━━ Given entries ━━

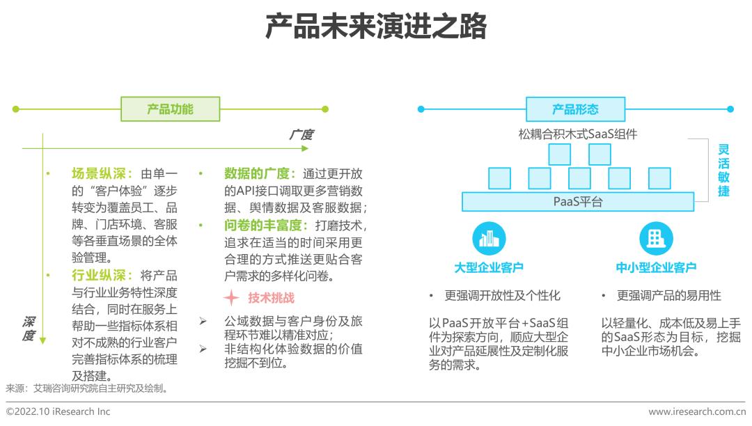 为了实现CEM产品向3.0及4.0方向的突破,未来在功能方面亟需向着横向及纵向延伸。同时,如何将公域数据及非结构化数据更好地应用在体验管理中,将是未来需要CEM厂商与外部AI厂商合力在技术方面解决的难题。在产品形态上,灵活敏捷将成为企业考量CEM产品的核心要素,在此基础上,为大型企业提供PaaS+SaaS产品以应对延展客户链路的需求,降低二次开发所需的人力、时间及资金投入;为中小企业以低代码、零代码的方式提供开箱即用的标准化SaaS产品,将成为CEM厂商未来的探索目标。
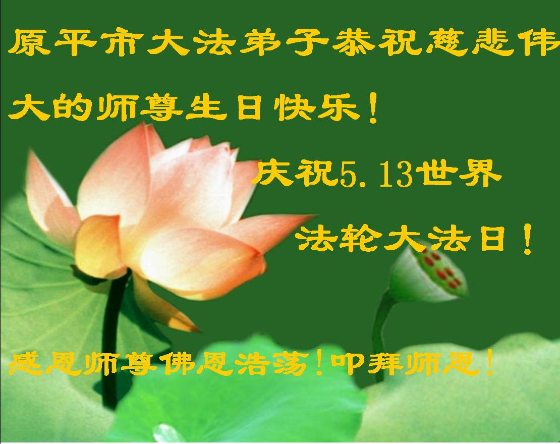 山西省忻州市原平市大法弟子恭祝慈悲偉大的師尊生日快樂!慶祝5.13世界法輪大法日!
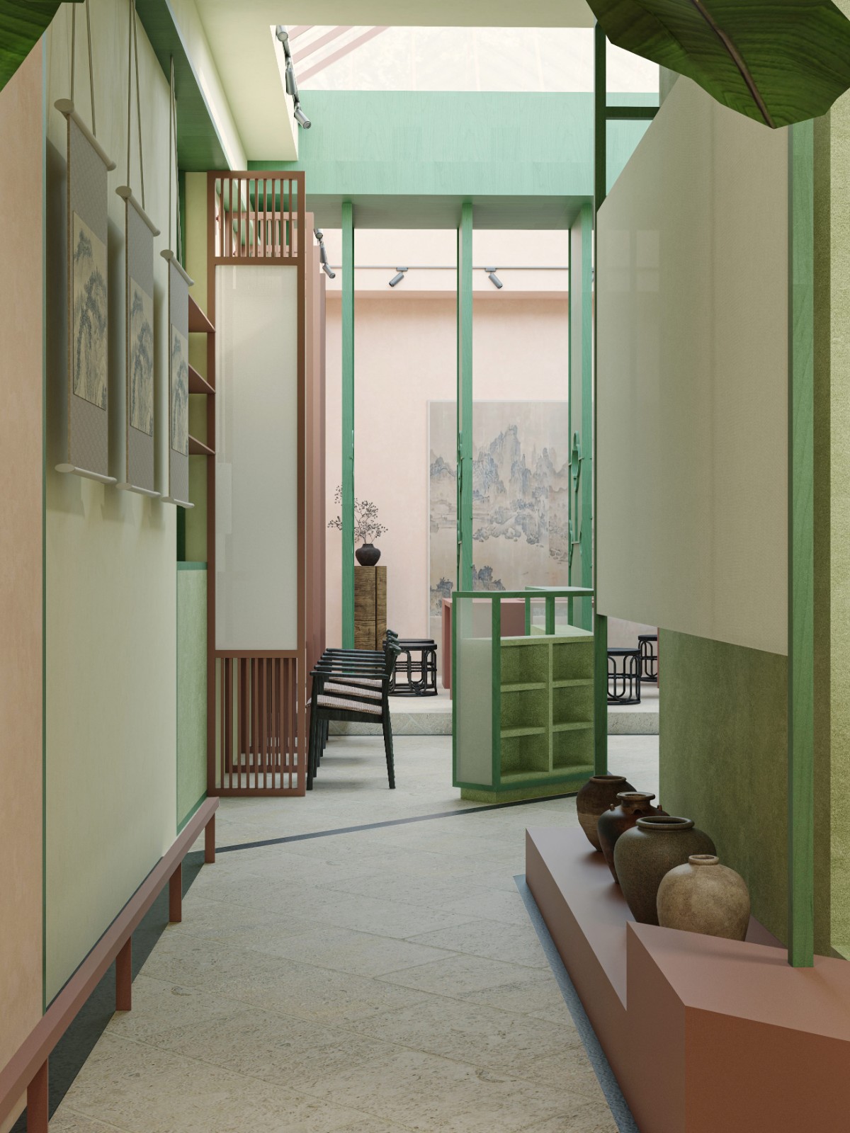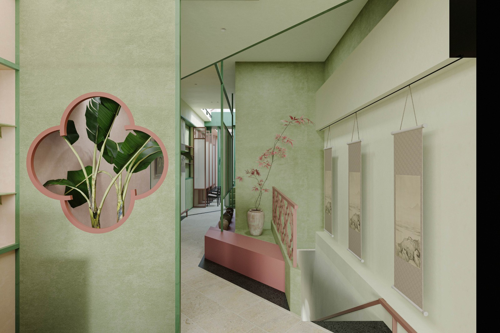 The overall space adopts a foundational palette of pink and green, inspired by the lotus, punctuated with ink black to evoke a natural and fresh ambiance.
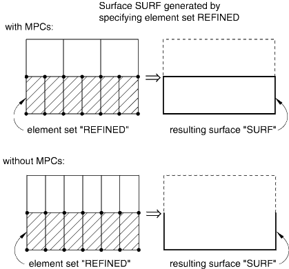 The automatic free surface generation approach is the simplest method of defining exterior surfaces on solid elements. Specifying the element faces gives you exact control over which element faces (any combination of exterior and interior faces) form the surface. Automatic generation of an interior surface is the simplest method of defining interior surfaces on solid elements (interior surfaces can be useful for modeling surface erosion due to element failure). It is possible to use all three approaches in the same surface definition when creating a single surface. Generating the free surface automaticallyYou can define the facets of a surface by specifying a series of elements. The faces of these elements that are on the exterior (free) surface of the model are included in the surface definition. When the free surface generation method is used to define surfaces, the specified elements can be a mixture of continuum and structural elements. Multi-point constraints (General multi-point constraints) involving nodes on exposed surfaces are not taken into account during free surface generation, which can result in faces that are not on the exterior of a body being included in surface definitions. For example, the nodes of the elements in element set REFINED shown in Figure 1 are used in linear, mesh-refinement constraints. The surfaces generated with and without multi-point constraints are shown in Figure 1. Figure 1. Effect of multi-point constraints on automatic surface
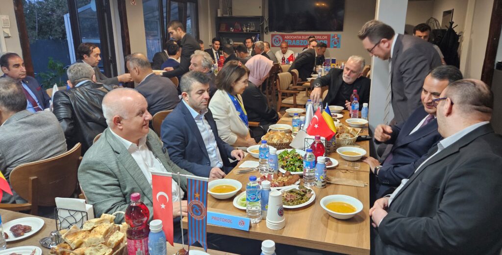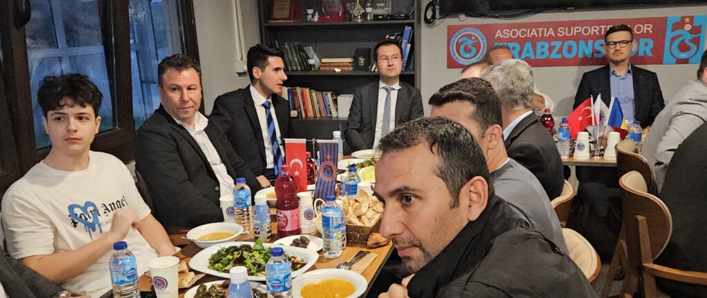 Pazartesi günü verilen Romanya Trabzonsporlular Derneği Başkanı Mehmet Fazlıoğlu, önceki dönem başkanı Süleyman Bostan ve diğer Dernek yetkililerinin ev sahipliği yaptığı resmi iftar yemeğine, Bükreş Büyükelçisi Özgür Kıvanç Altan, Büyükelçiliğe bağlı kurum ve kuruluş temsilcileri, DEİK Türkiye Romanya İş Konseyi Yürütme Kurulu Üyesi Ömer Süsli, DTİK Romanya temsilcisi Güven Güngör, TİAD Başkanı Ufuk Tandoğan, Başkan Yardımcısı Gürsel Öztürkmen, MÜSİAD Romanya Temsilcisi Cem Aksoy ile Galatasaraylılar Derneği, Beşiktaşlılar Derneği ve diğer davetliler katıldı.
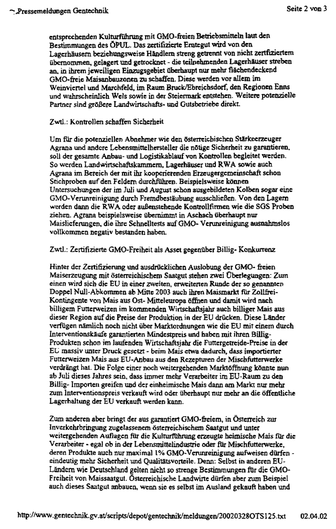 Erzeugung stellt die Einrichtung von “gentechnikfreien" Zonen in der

━━━
━━ Given entries ━━

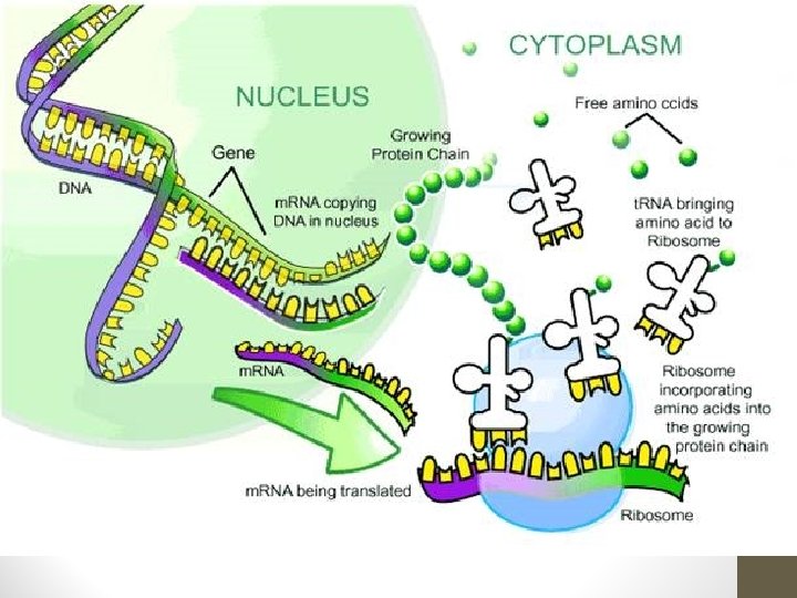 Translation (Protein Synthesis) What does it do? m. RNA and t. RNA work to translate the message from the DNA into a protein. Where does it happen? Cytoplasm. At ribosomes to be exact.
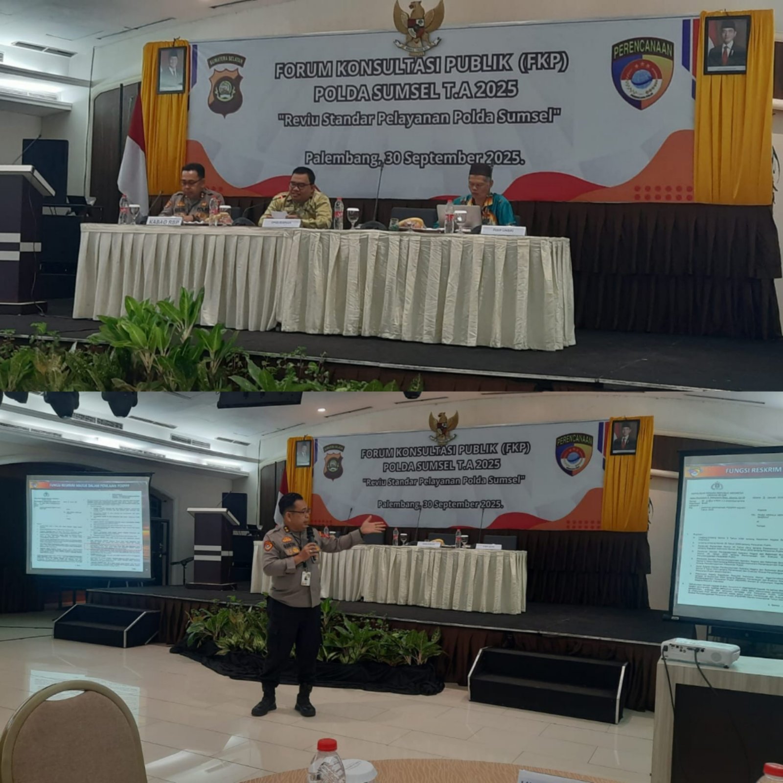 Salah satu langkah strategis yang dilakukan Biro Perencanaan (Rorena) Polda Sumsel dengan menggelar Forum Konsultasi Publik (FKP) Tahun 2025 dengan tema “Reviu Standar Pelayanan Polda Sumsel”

━━━

> _Problem requirements_
Among the entries above, locate the line with "山西省忻州市原平市大法弟子恭" and the line with "The overall space". Give those two lines and all lines between them again, exactly, leaving out the pictures.

> _Response to the task_
 山西省忻州市原平市大法弟子恭祝慈悲偉大的師尊生日快樂!慶祝5.13世界法輪大法日!
 The overall space adopts a foundational palette of pink and green, inspired by the lotus, punctuated with ink black to evoke a natural and fresh ambiance.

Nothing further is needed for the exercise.